Who doesn’t want a stronger sleeker upper body to show off? Working your upper arms won’t get you bulked up like the Incredible Hulk. It will get your arms leaner and ready to bare by the time summer rolls around.
The best part? You can do all these exercises at home. All you need are a couple of dumbbells. And a few minutes each day!
#1 BICEPS AND ARM CIRCLES
What it does: A full-body strength workout
How to do it: Stand with legs slightly wider than hip width. Pick up a 2-2.5 kg dumbbell in each hand, keeping elbows bent and palms up. Keep your spine straight and get into a squatting position. Circle the left hand up and in towards your shoulder in a circular motion and then reverse to lower hand. Do 16 reps. Repeat on the other side.
What it does: Tones upper arms
How to do it: Keep your feet hips-width apart. Bend your knees and hinge forward from your waist. Ensuring that your spine is neutral, raise fists to your shoulders, clench your abs and box your right hand forward. Ensure that your elbows are up while doing the move. Bring hands to center and switch. Do 20 reps.
#3 TRICEPS SWING
What it does: Gets rid of bat wings
How to do it: Lie on the floor, your face up and knees bent. Take a 2.5 kg dumbbell in each hand and keep them a few inches off the floor. Keeping arms straight raise left arm over chest while right arm stays overhead. Lower to start and repeat. Do 15 reps with left arm, then switch sides. Do 2-3 sets.
#4 SHOULDER PRESS
What it does: Targets the shoulders and triceps
How to do it: Stand with your feet shoulder-width apart, holding a 2.5 kg dumbbell in each hand. Bend elbows, bringing your hands to shoulders with the palms facing forward. Press weights overhead, making sure the shoulders are down. Lower weights back to shoulders. Do 20 reps.
#5 TRICEPS PUSHBACK
What it does: Works out the triceps
How to do it: Keep your feet shoulder-width apart, with knees slightly bent. Hold a 2.5 kg dumbbell in each hand, arms straight down at sides, palms facing back. Lift arms straight back, taking them about 2 feet behind you. Return to side.
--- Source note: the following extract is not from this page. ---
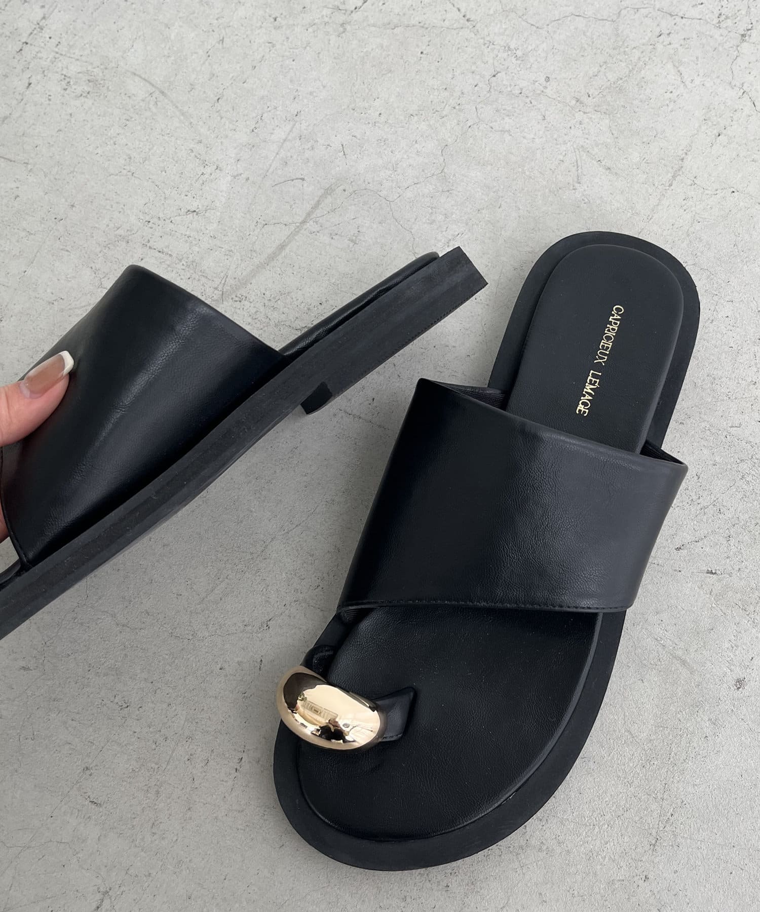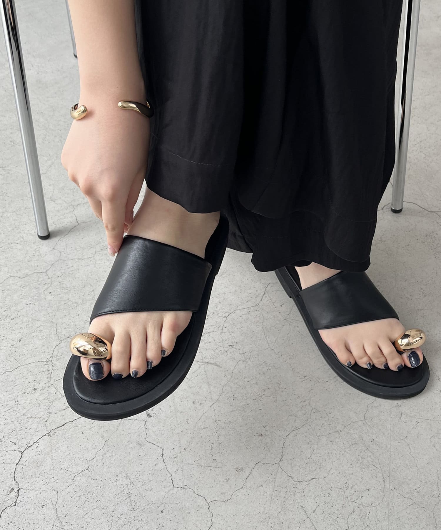 ・トング部分にメタリックパーツが付いたこなれ感漂うフラットサンダル
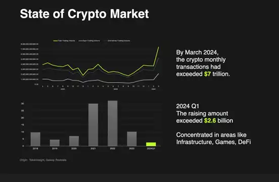 而且,对比世界银行公布的 2022 年数据来看:美股总交易量为 43.22 万亿美元,加密货币交易量已与其处于同一水平。其次,从加密市场投融资角度来看,经历了 2021 年、2022 年的疯狂,2023 年的市场投资总额回落到 100 亿美元左右。投资的领域主要聚焦在基础设施、游戏、DeFi 等领域。2024 年一季度的投融资总额超过 26 亿美元,对比历史数据,暂处于一个温和状态。

Do 20 reps.
#6 TRICEPS STRETCH
What it does: Works the triceps
How to do it: Lie down on your back. Take a 2.5 kg dumbbell in each hand and extend your arms toward the ceiling, palms facing each other. Bend your elbows, lowering the weights to the sides of your head. Keep elbows still, pointing straight up at all times. You should only be moving your forearms. Raise the weights back to the ceiling.
#7 PLANK ON THE BALL
What it does: Builds upper body strength
How to do it: Get into plank position and put your right hand on the ball. Keep the left hand on the floor. Keep elbows in as you squeeze your abs and shoulders and lower towards the floor. Push back up and pass the ball to the other side. Do at least 5 on each side.